» **WHAT YOU NEED TO DO**
Each line below should be repeated exactly, but no picture should be carried over.

» **STORED DATA**
**********

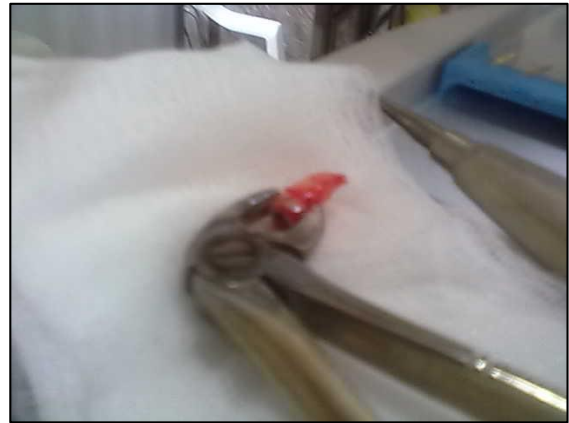
Pic 4: tooth had been kept in a wet sterilized gauze

during that the tooth had been kept in wet sterilized gauze, this increases the possibility of PDL vitality. See pic (4)
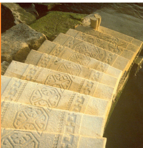
Stone Stair Carpet by Colin Wilbourn Photo: Colin Wilbourn

**********

» **SOLUTION FOR THIS TASK**
Pic 4: tooth had been kept in a wet sterilized gauze

during that the tooth had been kept in wet sterilized gauze, this increases the possibility of PDL vitality. See pic (4)
Stone Stair Carpet by Colin Wilbourn Photo: Colin Wilbourn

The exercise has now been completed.